The IRS is seeking comments on this guidance through December 3, 2018 prior to issuing proposed regulations. Exempt organizations may rely on this guidance in this Notice until the new proposed regulations are issued.

In December 2017 the Act added Section 512(a)(6), which requires an organization with more than one unrelated business activity to calculate its UBIT separately for each trade or business activity for years beginning after December 31, 2017. However, the Act did not define or provide guidance as to how a trade or business activity should be defined for this purpose. This Notice assists organizations in applying and interpreting Section 512(a)(6).

What’s In Notice 2018-67?

1. Separate Trade or Business Guidance 

The Notice provides guidance on how an organization can determine whether they have multiple unrelated trades and businesses. To determine if an organization has more than one unrelated trade or business, an organization “may rely on a reasonable, good-faith interpretation” of Sections 511 through 514, considering all the facts and circumstances. A reasonable, good-faith interpretation includes using the “North American Industry Classification System” (NAICS) 6-digit codes to classify each business.Exempt organizations currently filing Form 990-T to report unrelated business income are already required to use the 6-digit NAICS code; nonetheless, organizations may want to consider reviewing the codes to confirm that they accurately reflect their activities. Codes are available in the Form 990-T filing instructions.The Notice also states that the fragmentation principle of the Code and Regulations, typically used to separate unrelated trades or businesses from exempt purpose activities, may also provide useful guidance in identifying separate trades or businesses.

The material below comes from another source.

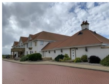
Das Clubhaus in Turnberry

Das Turnberry Resort liegt auf einer dreiecksförmigen Halbinsel. An der Küste liegt der Ailsa Course, dahinter dann der "King Robert The Bruce" Course. Vom angrenzenden Clubhaus ist es nur ein paar Schritte zu beiden Golfplätzen und zur Drivingle. Eine Straße trennt die Golfplätze vom Hotel, das langgezogene Hotelgebäude mit dem Ballroom liegt auf der anderen Seite der Straße, landeinwärts auf einer leichten Anhöhe liegt. Villas (ein Villen Dorf), welche auch zum Resort gehören, stehen am Fuß der Anhöhe.

The IRS requests comments describing whether and how these methods or other methods may aide in determining how to identify the separate trades or businesses of an organization.

2. Allocation of Directly Connected Deductions

Further, the Act will require exempt entities with more than one unrelated trade or business with shared expenses to allocate the expenses between the different unrelated trades or businesses. This requirement is similar to the existing rule for “dual-use facilities.” Currently, the IRS’s Priority Guidance Plan features an item regarding the allocation of expenses to dual-use facilities (facilities used for both exempt and non-exempt purposes). The IRS is requesting comments regarding possibly modifying the current allocation method under Section 512, as well as offering “specific standards for allocating expenses relating to dual use facilities and the rules.” The IRS is also asking for comments relating to what allocation methods should be considered “reasonable” and comments concerning possible rules or standards.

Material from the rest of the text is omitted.